Without the pictures, write out all the lines below exactly as they appear.

INPUT RECORDS:
+-------+

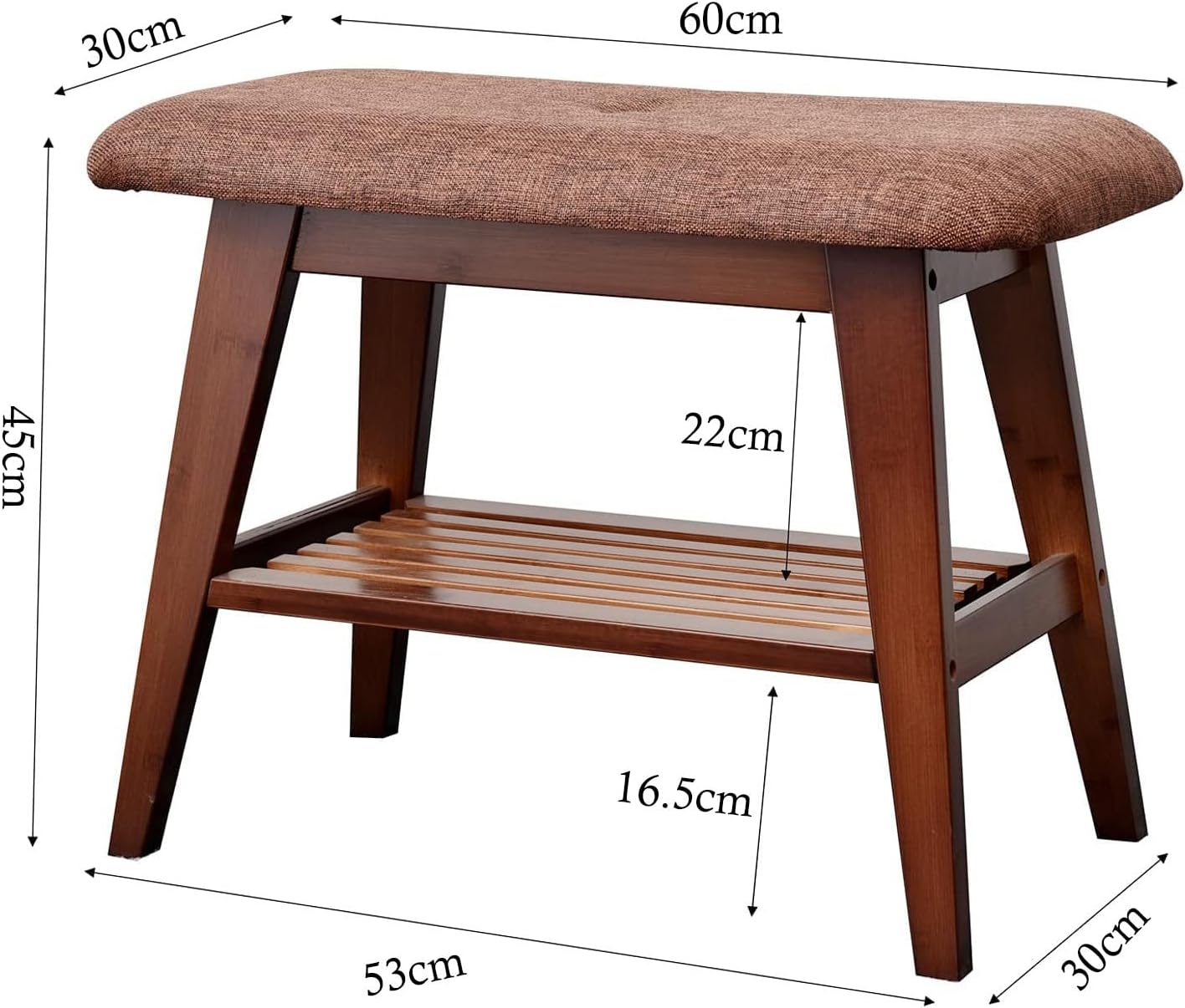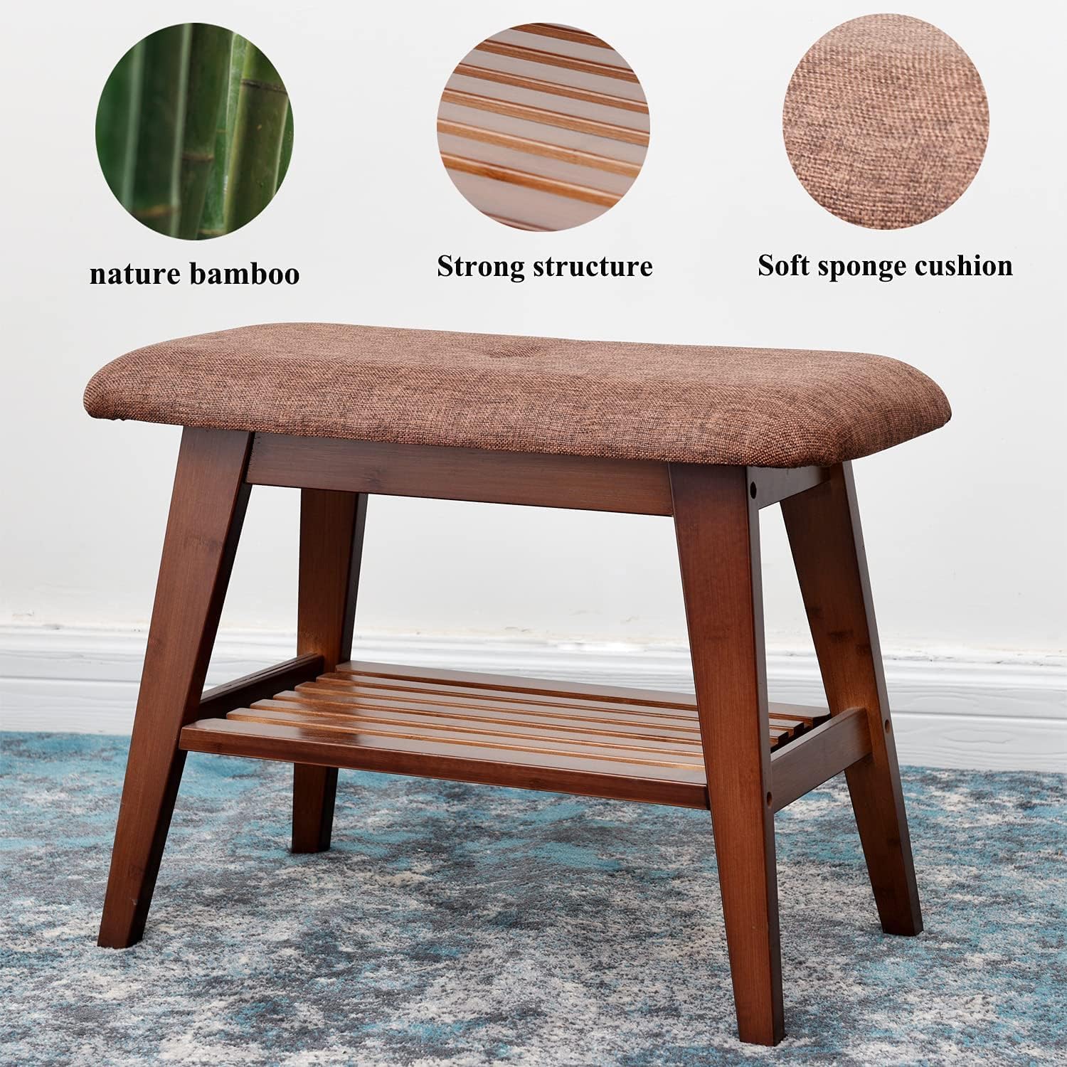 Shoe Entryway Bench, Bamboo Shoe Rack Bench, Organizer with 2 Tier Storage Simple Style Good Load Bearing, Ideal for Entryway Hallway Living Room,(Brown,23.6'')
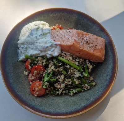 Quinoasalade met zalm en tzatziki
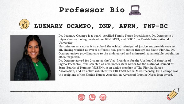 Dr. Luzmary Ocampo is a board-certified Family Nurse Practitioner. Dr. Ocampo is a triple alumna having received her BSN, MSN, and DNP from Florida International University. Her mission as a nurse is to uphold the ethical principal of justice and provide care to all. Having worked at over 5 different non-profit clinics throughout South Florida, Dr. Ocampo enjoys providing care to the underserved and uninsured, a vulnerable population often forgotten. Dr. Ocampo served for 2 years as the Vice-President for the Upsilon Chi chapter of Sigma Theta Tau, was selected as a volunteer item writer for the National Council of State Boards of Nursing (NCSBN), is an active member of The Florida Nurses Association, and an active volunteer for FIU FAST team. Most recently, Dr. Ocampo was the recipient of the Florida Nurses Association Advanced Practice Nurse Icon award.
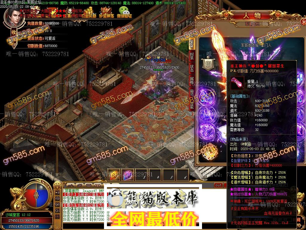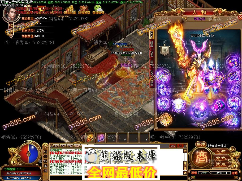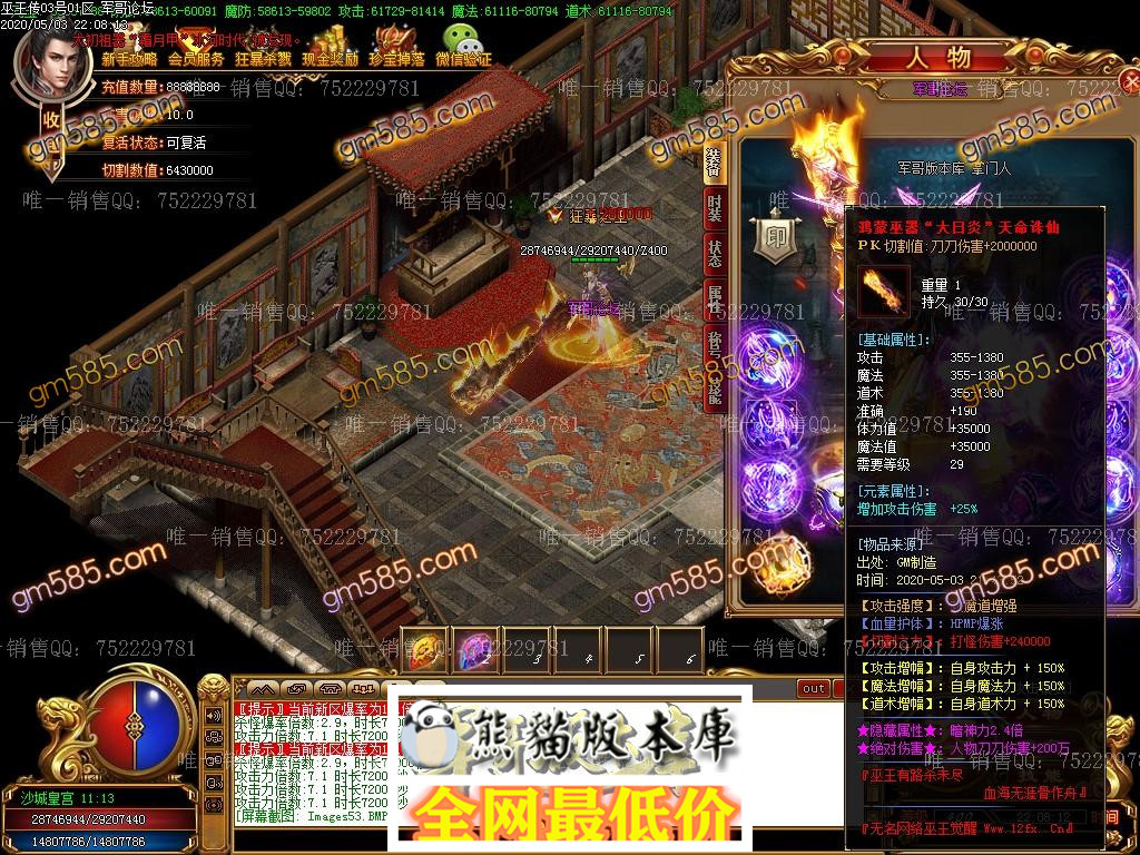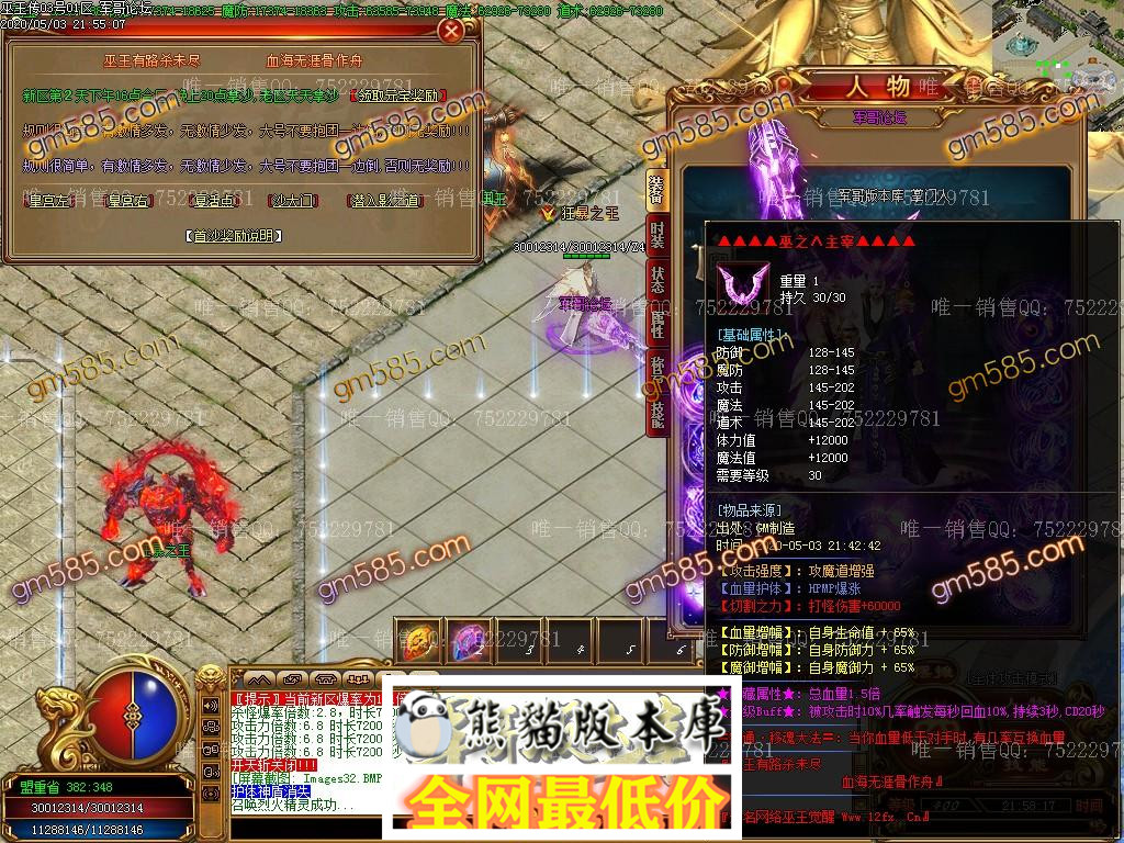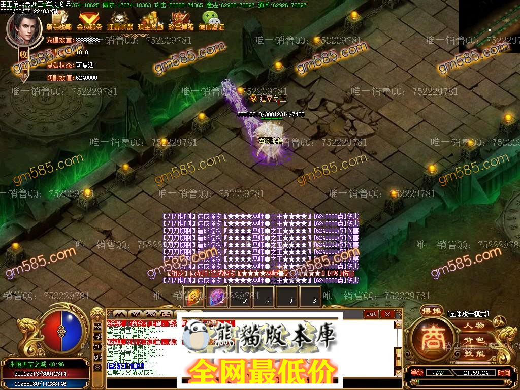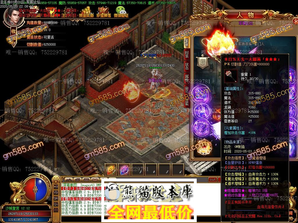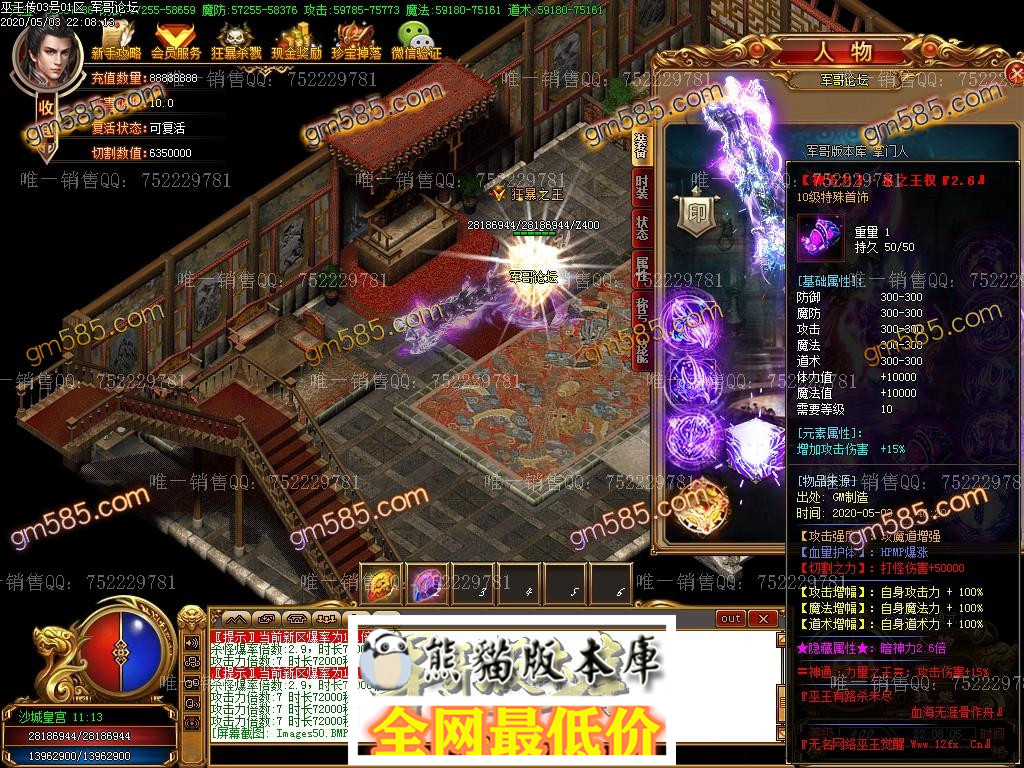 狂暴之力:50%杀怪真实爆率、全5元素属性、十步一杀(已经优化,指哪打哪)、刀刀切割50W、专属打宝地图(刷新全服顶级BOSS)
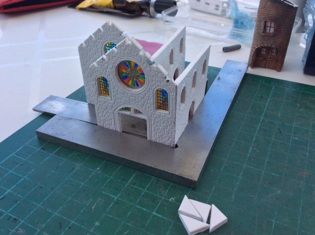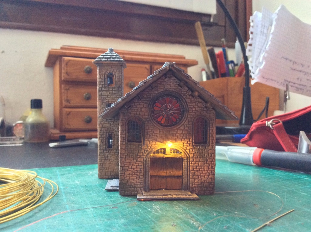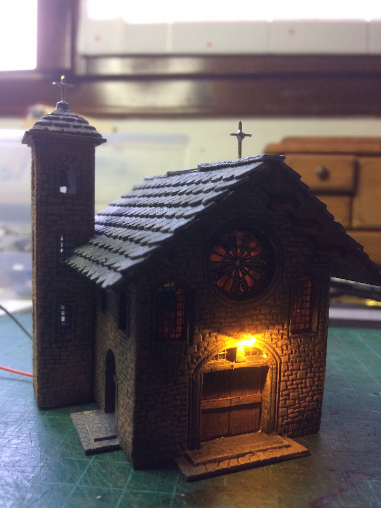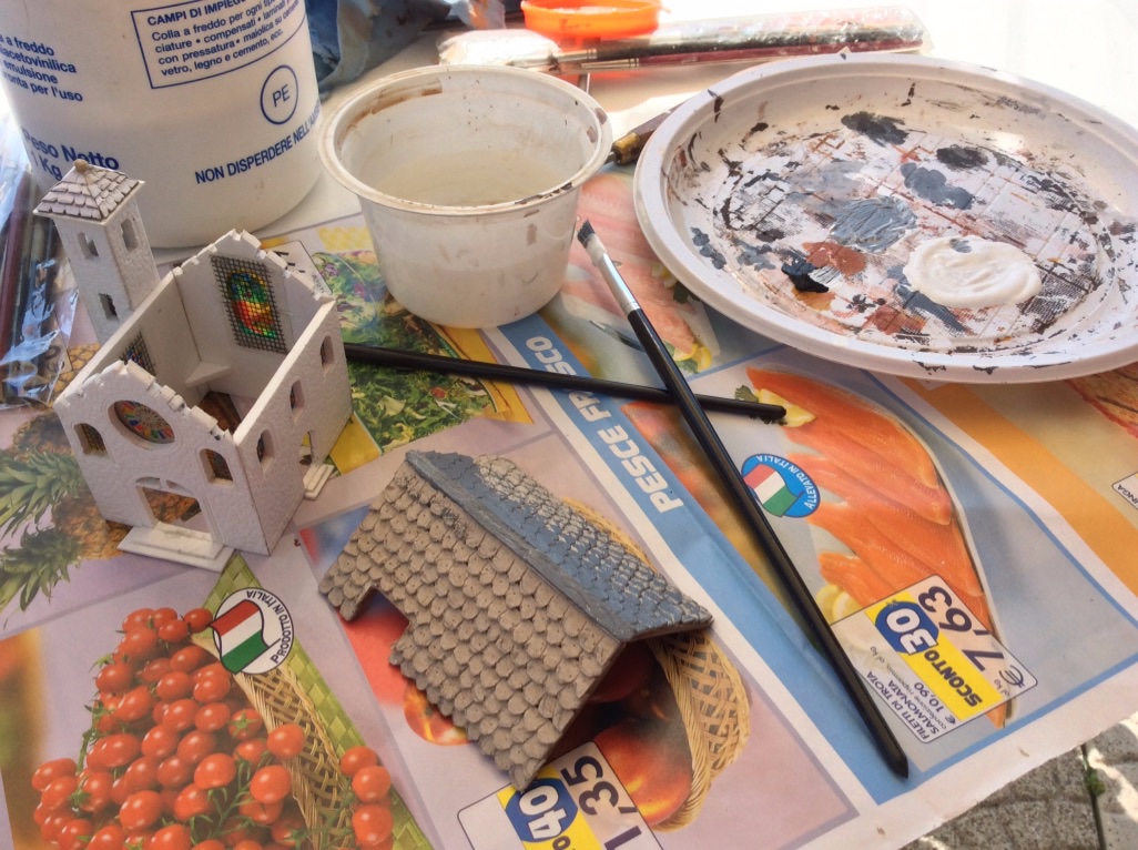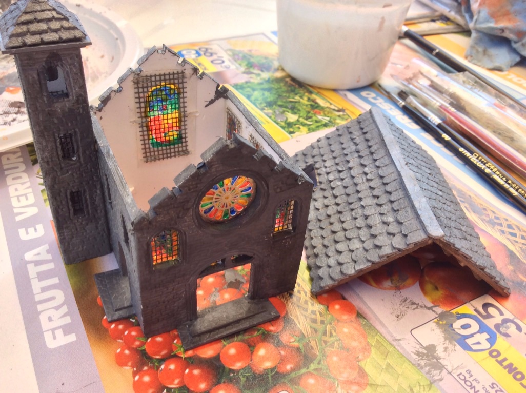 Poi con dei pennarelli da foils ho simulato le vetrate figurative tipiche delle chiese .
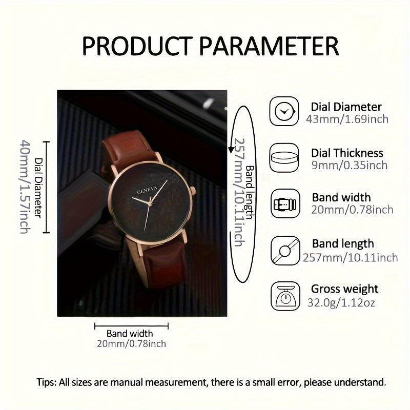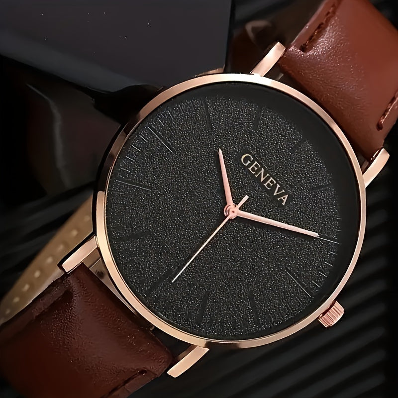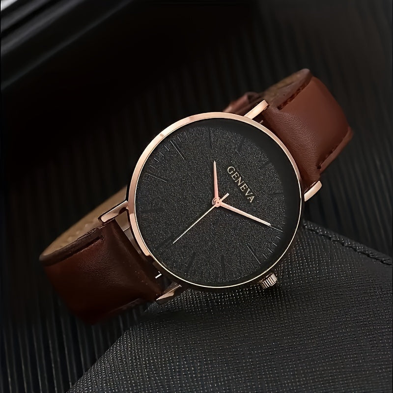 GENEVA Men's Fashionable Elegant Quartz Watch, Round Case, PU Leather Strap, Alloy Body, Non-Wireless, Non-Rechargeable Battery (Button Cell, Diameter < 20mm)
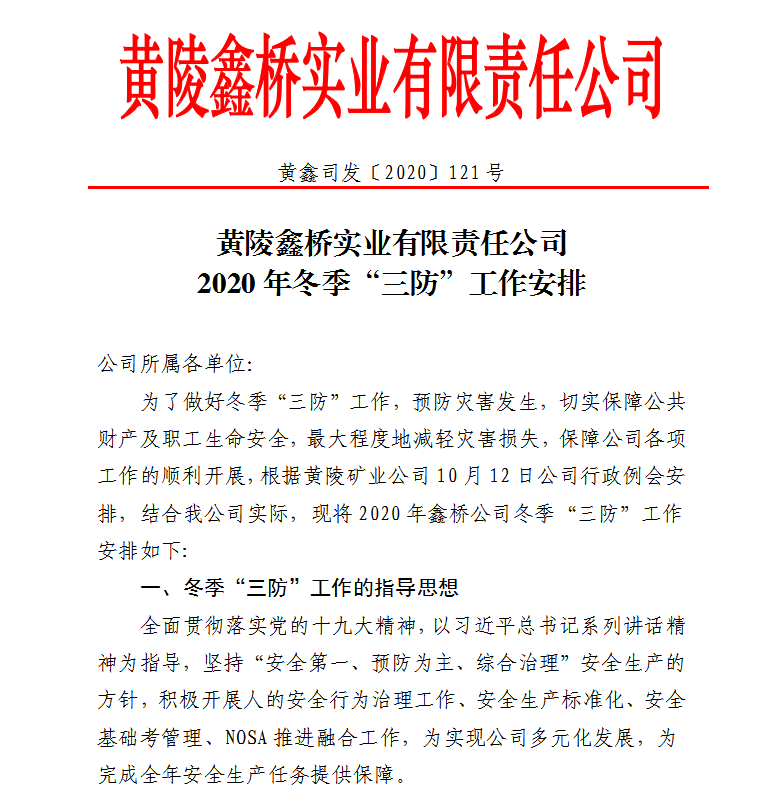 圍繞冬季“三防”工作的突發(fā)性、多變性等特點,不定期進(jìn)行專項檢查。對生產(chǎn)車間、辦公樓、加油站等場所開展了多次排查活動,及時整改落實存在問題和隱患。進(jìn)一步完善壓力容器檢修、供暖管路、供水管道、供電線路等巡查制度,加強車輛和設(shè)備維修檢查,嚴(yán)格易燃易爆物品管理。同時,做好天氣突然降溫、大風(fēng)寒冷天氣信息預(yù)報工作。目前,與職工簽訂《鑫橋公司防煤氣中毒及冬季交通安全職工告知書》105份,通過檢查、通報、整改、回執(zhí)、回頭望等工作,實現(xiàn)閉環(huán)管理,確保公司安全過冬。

+-------+

ANSWER TO THE PROBLEM:
 Shoe Entryway Bench, Bamboo Shoe Rack Bench, Organizer with 2 Tier Storage Simple Style Good Load Bearing, Ideal for Entryway Hallway Living Room,(Brown,23.6'')
 Quinoasalade met zalm en tzatziki
 Dr. Luzmary Ocampo is a board-certified Family Nurse Practitioner. Dr. Ocampo is a triple alumna having received her BSN, MSN, and DNP from Florida International University. Her mission as a nurse is to uphold the ethical principal of justice and provide care to all. Having worked at over 5 different non-profit clinics throughout South Florida, Dr. Ocampo enjoys providing care to the underserved and uninsured, a vulnerable population often forgotten. Dr. Ocampo served for 2 years as the Vice-President for the Upsilon Chi chapter of Sigma Theta Tau, was selected as a volunteer item writer for the National Council of State Boards of Nursing (NCSBN), is an active member of The Florida Nurses Association, and an active volunteer for FIU FAST team. Most recently, Dr. Ocampo was the recipient of the Florida Nurses Association Advanced Practice Nurse Icon award.
 狂暴之力:50%杀怪真实爆率、全5元素属性、十步一杀(已经优化,指哪打哪)、刀刀切割50W、专属打宝地图(刷新全服顶级BOSS)
 Poi con dei pennarelli da foils ho simulato le vetrate figurative tipiche delle chiese .
 GENEVA Men's Fashionable Elegant Quartz Watch, Round Case, PU Leather Strap, Alloy Body, Non-Wireless, Non-Rechargeable Battery (Button Cell, Diameter < 20mm)
 圍繞冬季“三防”工作的突發(fā)性、多變性等特點,不定期進(jìn)行專項檢查。對生產(chǎn)車間、辦公樓、加油站等場所開展了多次排查活動,及時整改落實存在問題和隱患。進(jìn)一步完善壓力容器檢修、供暖管路、供水管道、供電線路等巡查制度,加強車輛和設(shè)備維修檢查,嚴(yán)格易燃易爆物品管理。同時,做好天氣突然降溫、大風(fēng)寒冷天氣信息預(yù)報工作。目前,與職工簽訂《鑫橋公司防煤氣中毒及冬季交通安全職工告知書》105份,通過檢查、通報、整改、回執(zhí)、回頭望等工作,實現(xiàn)閉環(huán)管理,確保公司安全過冬。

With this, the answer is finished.